C’est tout ce que pouvait dire Prisca, qui s’était reprise à trembler affreusement.
– Madame, ce n’est pas en vain que, en dépit de toutes les lois de la destinée qui a fait de Son Altesse un prince royal, on tourne le dos à tous ses devoirs pour suivre uniquement les inclinations de son cœur… Qui vous dit que Son Altesse, dans ses moments de dépression solitaire, n’est point assiégée, je ne dis pas par le regret d’avoir fait ce qu’il a fait, mais par le remords de n’avoir pas su concilier son bonheur personnel (vous voyez que je ne le mets pas en doute) avec ce qu’il doit à son sang, à son nom, à ses sujets !

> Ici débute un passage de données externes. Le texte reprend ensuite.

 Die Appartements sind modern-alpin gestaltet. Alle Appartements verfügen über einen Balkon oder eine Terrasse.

« Madame, à cette heure, il y a un peuple qui ne peut plus être relevé que par lui ! Et je le trouve ici, dans un coin désolé de Londres, donnant des leçons au cachet ! Mais, madame, il y a eu des rois qui ont aimé des bergères, ils ne se sont point mis pour cela à filer la quenouille !
« Il y a toujours eu dans l’ombre du trône une place pour l’amour. Et quand, dans cette ombre amoureuse, un enfant venait au monde, son sort, généralement, n’était point à plaindre ! Cela faisait un beau prince et un brave soldat ! Et personne, je vous le jure, ne lui reprochait sa naissance. D’aucuns l’enviaient.

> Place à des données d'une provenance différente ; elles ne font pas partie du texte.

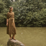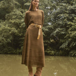 De corte recto y cuello redondo, se adapta con suavidad al cuerpo, manteniendo un aire elegante y sofisticado.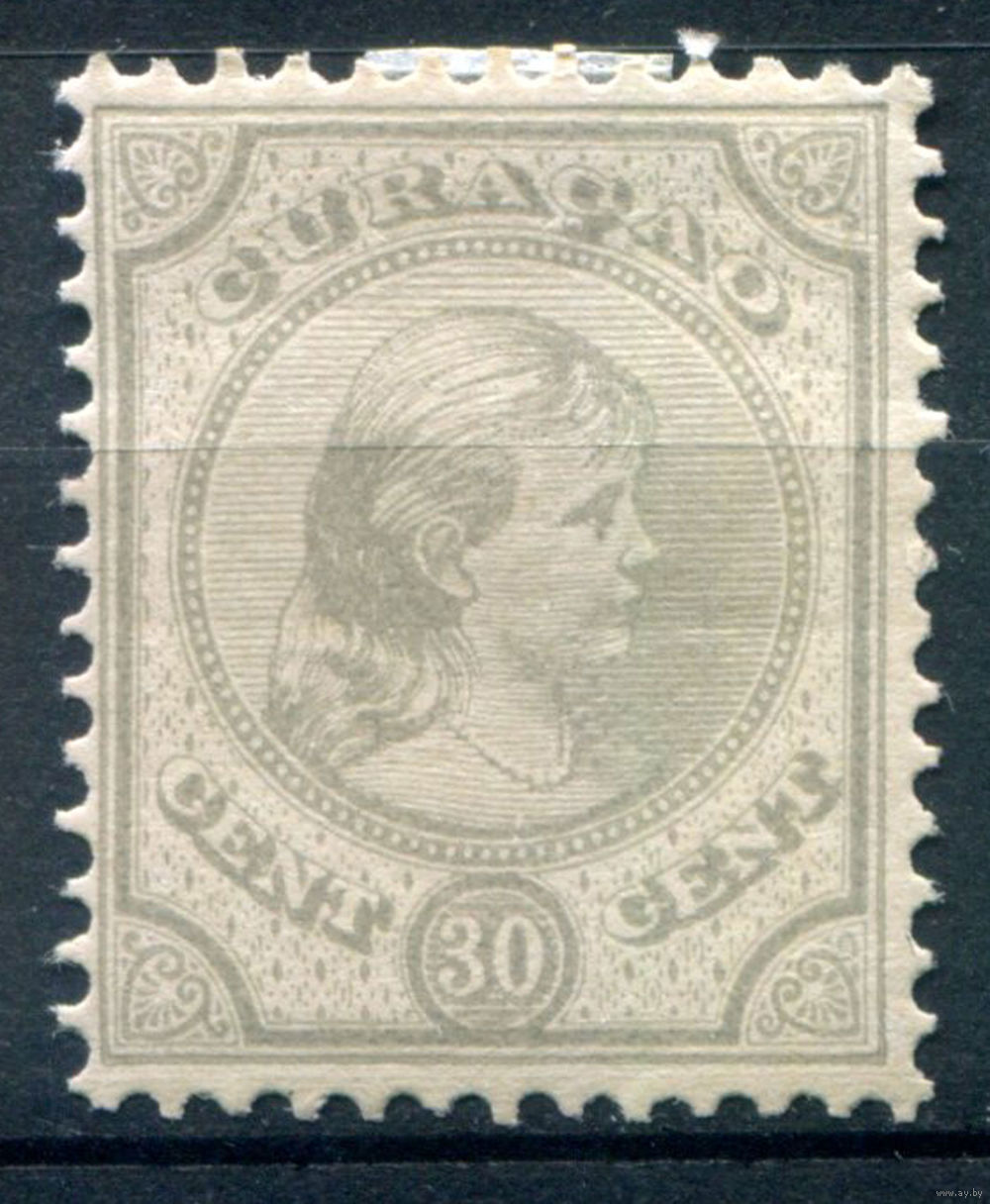 Нидерландские колонии - Кюрасао - 1892/96г. - королева Вильгельмина, 30 с - 1 марка - MH, есть пузырьки на клее [Mi 29]. #3-WB-89-A-1

« Madame, je crois vous en avoir assez dit pour m’être fait comprendre. Il faut que tout ceci cesse ! et le plus tôt possible ! Et je compte sur vous pour cela, sur vous qui aimez Son Altesse et qui avez la plus grande influence sur lui !… De ce changement que nous attendons, nous nous arrangerons pour que vous n’ayez point à souffrir, et l’avenir de votre enfant en devient magnifique ! C’est la gloire d’Ivan Andréïevitch par vous que je suis venu chercher ici, et c’est la carrière éblouissante de son fils que j’apporte !
Prisca se leva :
– Je vous ai enfin compris, monsieur, fit-elle avec un sourire plein d’une détresse immense… Vous venez de faire briller à mes yeux la gloire de Son Altesse et l’avenir de son fils… Hélas ! je n’évoquerai même pas devant lui la triste fin du tsar et les malheurs du tsarévitch… je rapporterai à Son Altesse fidèlement vos paroles… et je vous jure que je saurai si bien m’effacer que je ne mettrai pas une ombre à un si beau tableau !…

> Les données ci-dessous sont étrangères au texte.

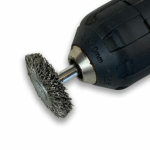 > Brosse rotative circulaire métallique sur tige pour perceuse ou visseuse | Utilisation pour le décapage, ébavurage, brossage, polissage, nettoyage, ponçage de peinture, rouille, soudure
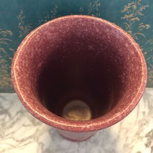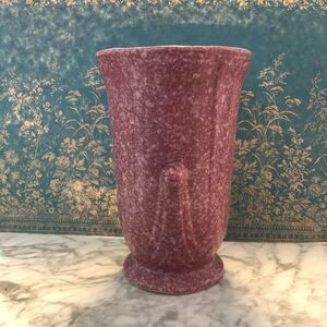 This case is in mint condition. There are no chips or cracks. It has an Art Deco feel to it. It is speckled with pink and white. It stands about 10” high. Made in the USA.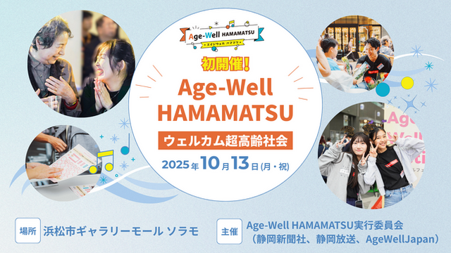 孫世代の相棒サービス「もっとメイト」や多世代コミュニティスペース「モットバ!」を展開する株式会社AgeWellJapan(本社:東京都渋谷区、代表取締役社長:赤木円香、以下「AgeWellJapan」)と株式会社静岡新聞社(以下「静岡新聞社」)、静岡放送株式会社(以下「静岡放送」)は、2025年10月13日、浜松市ギャラリーモール ソラモ、JR浜松駅北口広場キタラにて、多世代交流イベント「Age-Well HAMAMATSU」を開催します。

– Madame, je n’en attendais pas moins d’un grand cœur comme le vôtre. Puis-je compter également sur vous pour m’obtenir une audience de Son Altesse, une audience particulière, aujourd’hui même ?
– Je m’y engage, Excellence !… Soyez ici à sept heures, Son Altesse vous recevra.
Le comte Volgorouky se leva, s’inclina très bas, baisa presque pieusement la main de Prisca et se retira…
Quand il revint à sept heures, Ivan Andréïevitch l’attendait. Mais Prisca, elle aussi, était là. Le grand-duc avait exigé qu’elle assistât à l’entretien.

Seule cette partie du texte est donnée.